I feel like this title is misleading, because I haven’t actually been baking. Forgive me for that. But I will be speaking into baking, so I thought the title was fitting nonetheless.
I haven’t baked for a long time. I haven’t baked at all this year, actually.
Last year, I baked on occasion. The house that I live has a commercial kitchen, and I think part of the reason why I haven’t baked as much is because the oven is freakin’ scary. Don’t mock me; it’s true. And the other part is that I don’t like baking in front of other people. I live in community, which means baking in the commercial kitchen will involve seeing at least one person every five minutes.
I mean, it’s not just baking, so don’t take it personally; I don’t particularly like doing anything creative in front of anyone. It feels too awkward. I much prefer having a room or house to myself to do my thing. That’s why I play my guitar down in the empty chapel, conference hall, or small library that we have in the house. If I can see someone, I will stop playing. Again, don’t take it personally, it’s just a thing that’s a thing.
But back to baking.
If I’m being honest, baking isn’t something I did heaps when I lived with my parents. It’s something I enjoyed the thought of; I liked scanning cook books and bookmarking recipes I found on blogs, but not much happened in way of execution. (It’s the thought that counts though, right?)
I baked last year, despite the freakin’ scary oven.

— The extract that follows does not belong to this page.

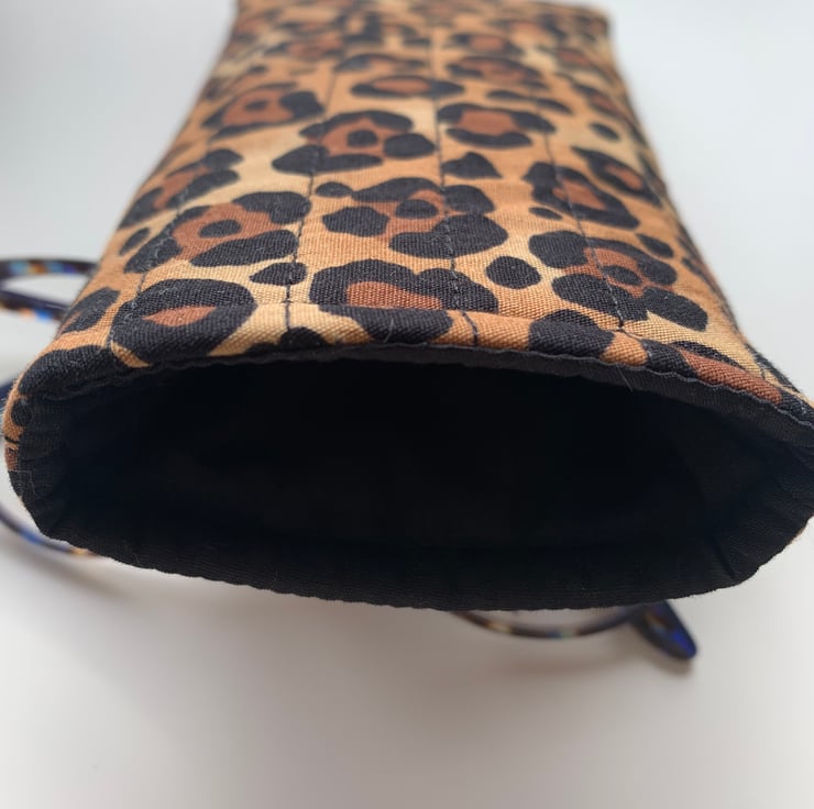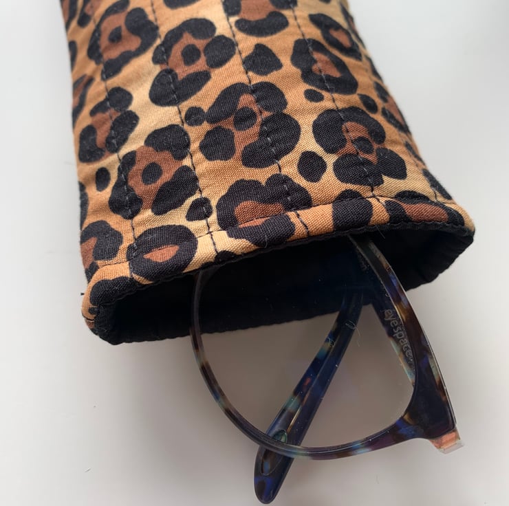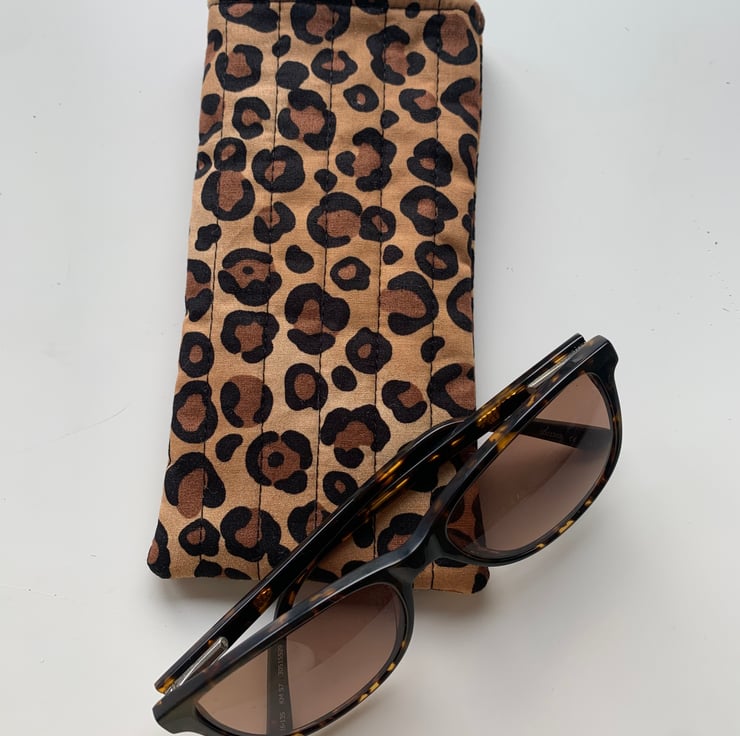 The padded slip in style glasses/sunglasses case is made in this lovely leopard print fabric.

But I think why I stopped baking this year is because I bought a guitar last Christmas.
Do these two facts seem unrelated to you? *French laugh* well let me explain!
Last year I liked baking on my own because it was methodical, I didn’t have to think very hard, and it gave me something to focus on for an hour. Guitar, whilst being less methodical, gives me something to focus on.
Last year, I enjoyed baking because it was an odd sort of escape. This year, know that I like guitar for much more than an escape, though it does offer it if you need. Not in an unhealthy way, just in that way that music does. It gives you something to set your mind on and you can either think really hard or not at all.
Next year, I plan on baking often, and that is when I can discover it for being a fun creative thing rather than an escape from emotions. For now, however, it will remain to be something I do when I don’t feel like thinking all that much.